Steps are also fused if they can be logically combined. For instance, if the last step in a chain is sorting by a column, and you add a step that sorts by another column, both steps are combined into a single step that uses multi-level sorting.
Data operation coalescing and reordering
On a lower level, data operations are 'coalesced' as well. Unlike step fusion, coalescing is not made visible to the end-user. For instance, if you have two consecutive filter steps, Warp will combine both into a single filter operation, using an AND expression.
Warp may also reorder operations to improve performance. For instance, if you calculate a new column and then filter rows, Warp may decide to filter first, and then calculate the column, as long as the filter does not depend on the newly calculated value. In general Warp will try to order filter operations as early as possible, so the database can maximally use any indexes that may be present for a table.

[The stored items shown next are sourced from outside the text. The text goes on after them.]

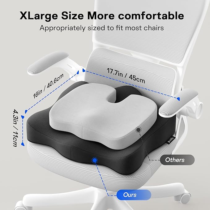 - 【Widely Practical】At 18.1"×16.5"×4.3"/2.36", this pressure relief seat cushion fits office chairs, car seats, wheelchairs, and more. Use it as a coccyx cushion for tailbone pain, seat cushions for office chairs, or memory foam seat cushions for office chairs—all while enjoying the included travel-friendly storage bag.
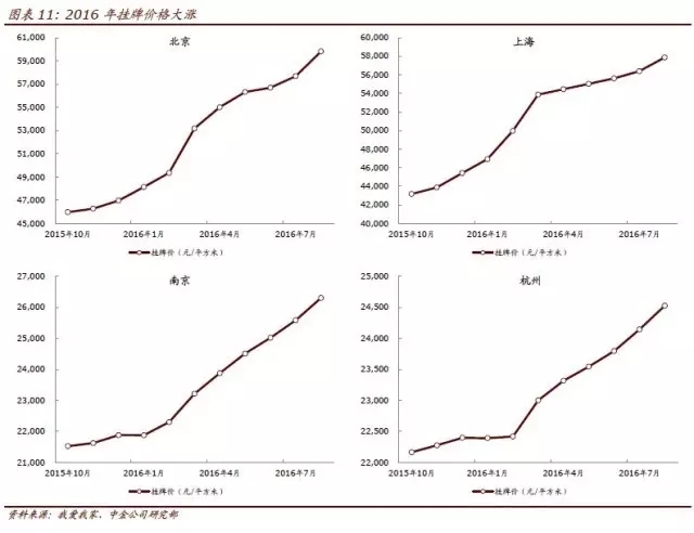 出于对利润率的保护,2016 年昂贵的土地成本和显著的溢价将激发开发商的提价意愿,在2016 年拿地过于激进的开发商压力尤甚。
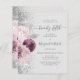 The left-hand edge of this elegant modern 50th anniversary party invitation features a mauve and dusty pink watercolor floral bouquet trimmed with silver foliage and faux silver glitter. The customizable text combines charcoal gray handwriting, copperplate and italic fonts on a pale gray background. The reverse side features a matching design.
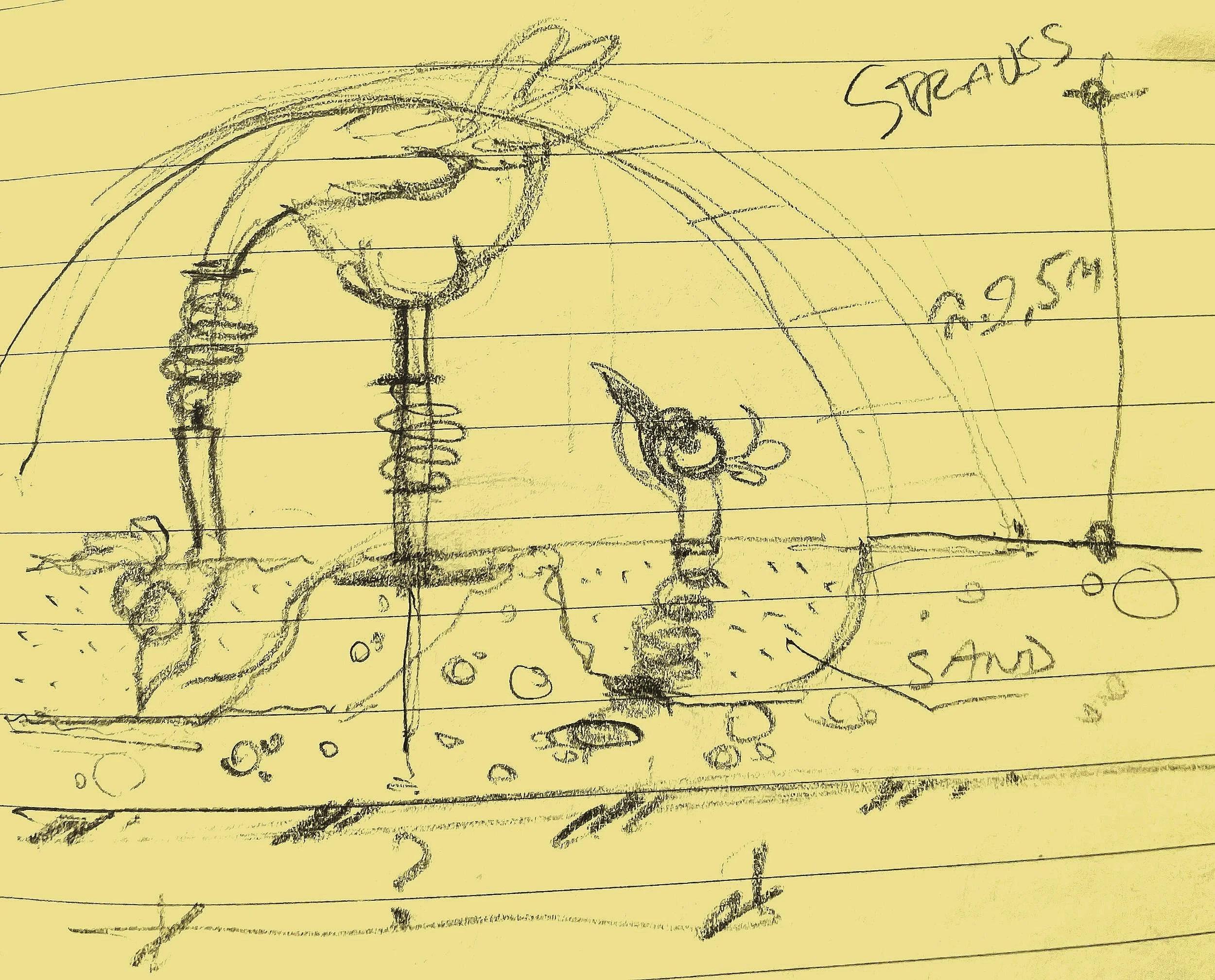 Kids can dig out its head and stretch it with a springy twist, or find one cheekily peeking at its own behind. There’s a bench around the edge for sitting, and a cozy spot inside the ostrich where little ones can sit while parents hold on. Made from wood and steel with flexible parts for extra fun. Colors and details can change to fit the place—this bird likes to dress up!
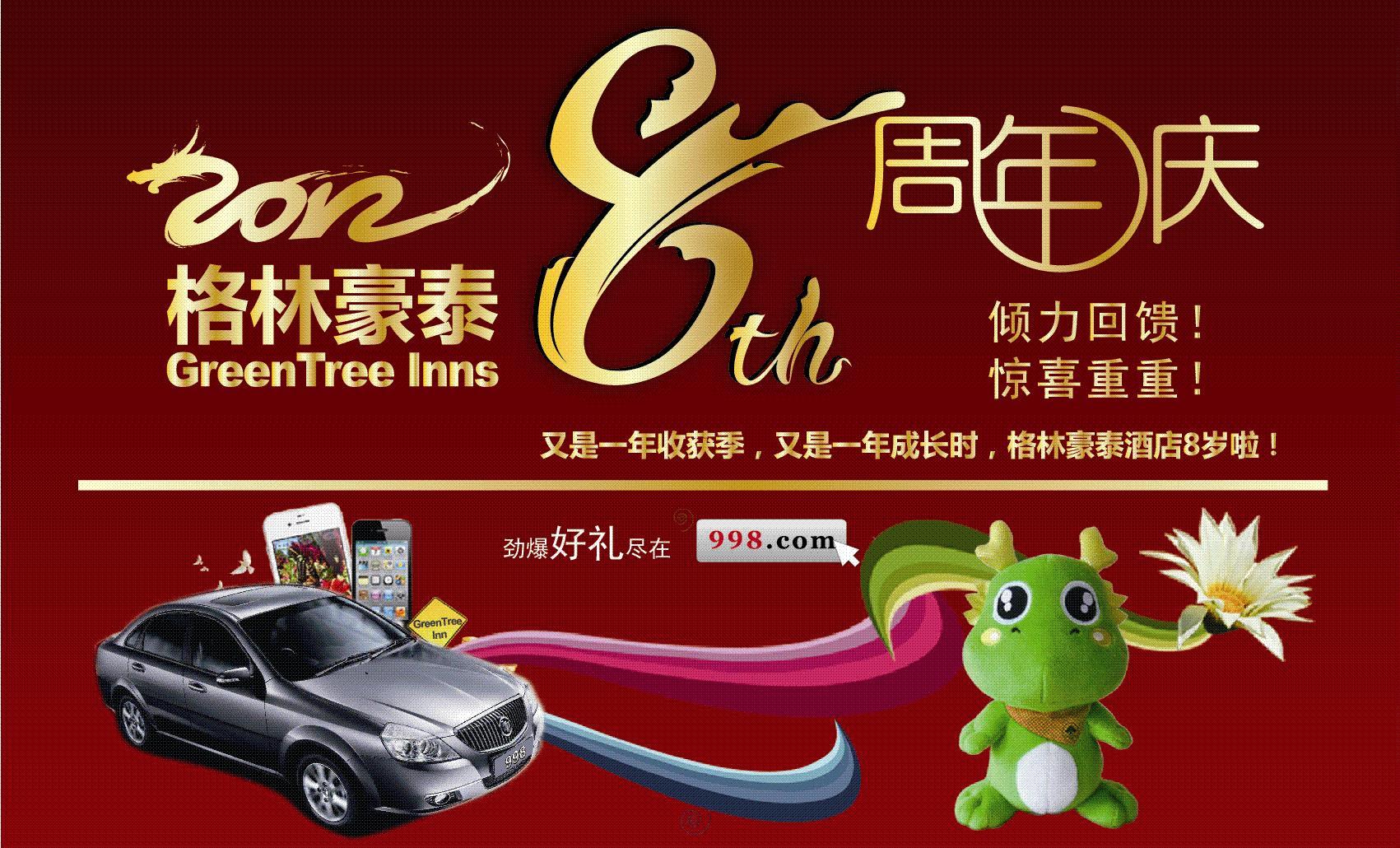上海2013年1月8日電 /美通社/ -- 格林豪泰酒店管理集團(tuán)(以下簡稱“格林豪泰”)慶祝公司成立八周年,為感謝廣大客人多年來的關(guān)注與支持,推出“百萬豪禮感恩反饋”活動(dòng),最后特等獎(jiǎng) -- 價(jià)值十萬余元的轎車將于2013年1月份擇日抽取。
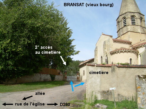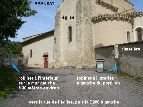 Le cimetière est implanté autour de l'église située dans le vieux bourg à proximité de la D280. 1) En provenance de Verneuil-en-Bourbonnais sur la D280, traverser la D1 et descendre en direction du ''vieux bourg''. Beaucoup plus loin, on verra l'église entourée du cimetière sur la droite dans l'angle avec la rue adjacente. Tourner à droite puis monter dans l'allée qui conduit à l'église et aux entrées du cimetière. 1) Si l'on entre à droite par le portillon situé juste avant l'église, on trouvera le premier robinet à l'intérieur sur la gauche. 2) Si l'on entre par le portail qui est au bout de l'allée, faire quinze pas en avant pour trouver le deuxième robinet fixé sur le mur de gauche (on ne le voit pas depuis le portail car le mur forme un angle ouvert). 3) P.S. : On peut prendre un raccourci au niveau du carrefour D280 / D1 par la rue de la Souche (il y a une flèche ''cimetière'') qui descend tout droit et rejoint la D280 pendant que celle-ci fait une grande courbe à droite pour revenir ensuite vers la gauche.
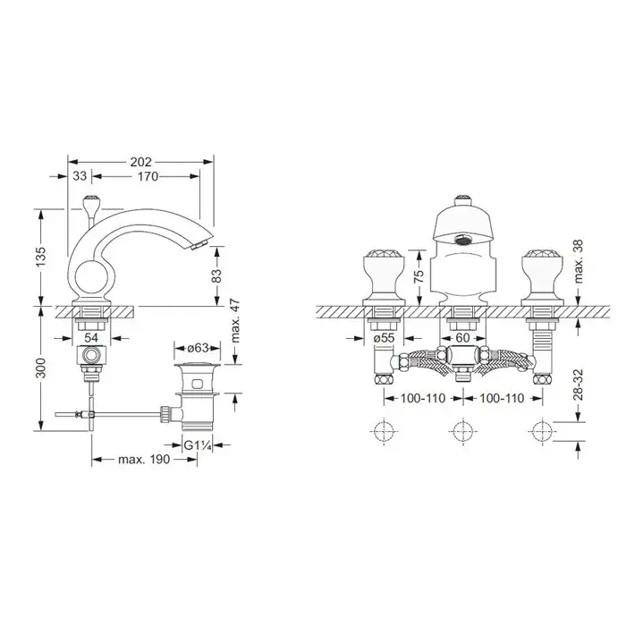 Jorger Palazzo Crystal Смеситель для маленькой раковины, на 3 отверстия, цвет: хром 605.30.200.000
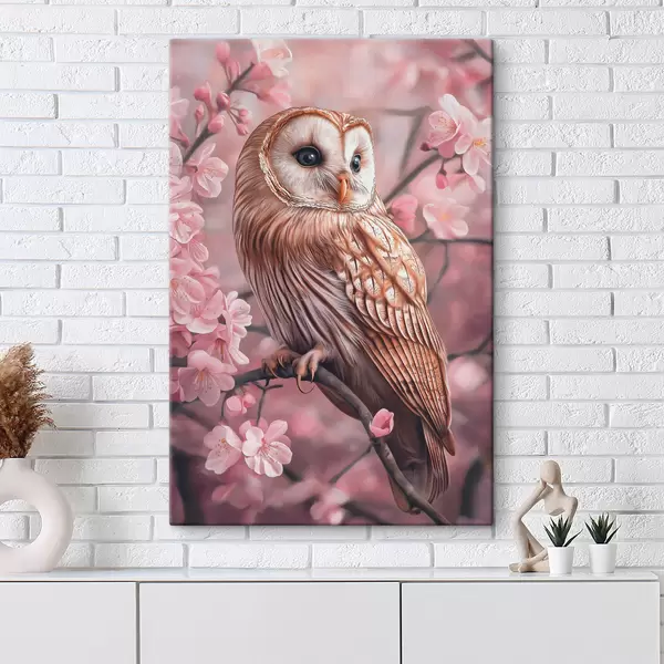 Maalid Öökull kirsipuu peal, roosad lilled, realism, loodus Nr s42785
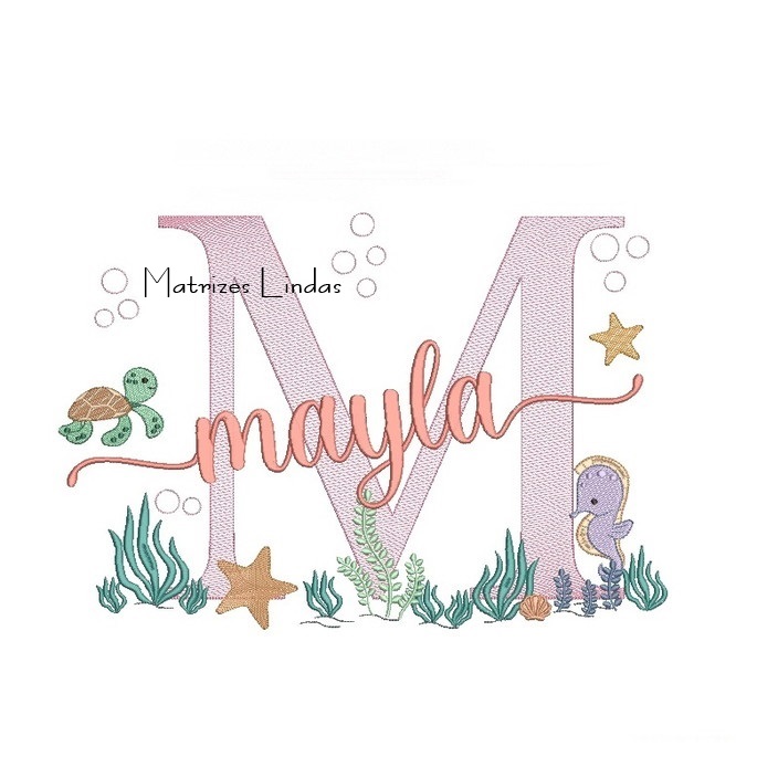 Matriz de Bordado – Nome Mayla Fundo do Mar

Warp performs the following optimizations on expressions used in calculate and filer steps:
- Constant expressions are replaced with their static outcomes.
- Warp checks if a comparison is made between expressions that are equivalent (e.g. [@column]=[@column] is always true). These are replaced with constants.
If a filter expression is constant 'false' or constant 'true', the filter can be removed completely.
Warp translates data operations to SQL queries whenever possible for steps that operate on data from an SQL data source. This increases performance greatly, as it does not require transferring the full data set to Warp, and lets the database do the work. The database can make use of its caches and indexes to perform the work more efficiently as well.
Not all operations can be performed in SQL. Avoid the following operations to maintain maximum performance:
- Pivoting of data (aggregation by rows only is fine)
In some cases, Warp will upload data temporarily to a database to make it possible to perform a query in SQL. For instance, if a large table is joined with a small look-up table created in Warp, Warp can upload the look-up table as a temporary table in the database, and then perform the join fully in SQL.